§ WHAT IS BEING ASKED:
Once the pictures are set aside, transcribe each line of the data exactly.

§ DATA SHOWN:
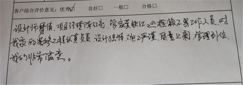 竣工驗收單,業(yè)主對我們知音作出衷心好評!客戶的滿意是我們不變的初衷。
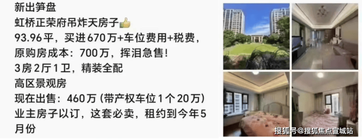 实际上,虹桥正荣府想要“亏本”离场的人大有人在,就拿93.9m²户型举例,现在在挂的还有两套,远低于700万,你真的会买吗?(盲猜上面那个房东是2021年买在顶点)
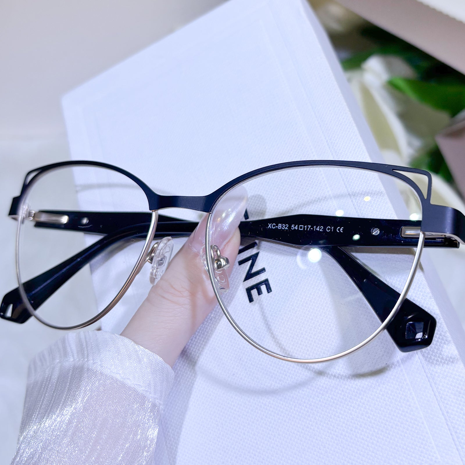 These charming cat-eye glasses combine a playful, feminine design with sleek metal construction for everyday comfort and durability. Cute yet sophisticated, they effortlessly elevate any casual look. Perfect for women who want a touch of fun in their daily style.

§ EXERCISE RESPONSE:
 竣工驗收單,業(yè)主對我們知音作出衷心好評!客戶的滿意是我們不變的初衷。
 实际上,虹桥正荣府想要“亏本”离场的人大有人在,就拿93.9m²户型举例,现在在挂的还有两套,远低于700万,你真的会买吗?(盲猜上面那个房东是2021年买在顶点)
 These charming cat-eye glasses combine a playful, feminine design with sleek metal construction for everyday comfort and durability. Cute yet sophisticated, they effortlessly elevate any casual look. Perfect for women who want a touch of fun in their daily style.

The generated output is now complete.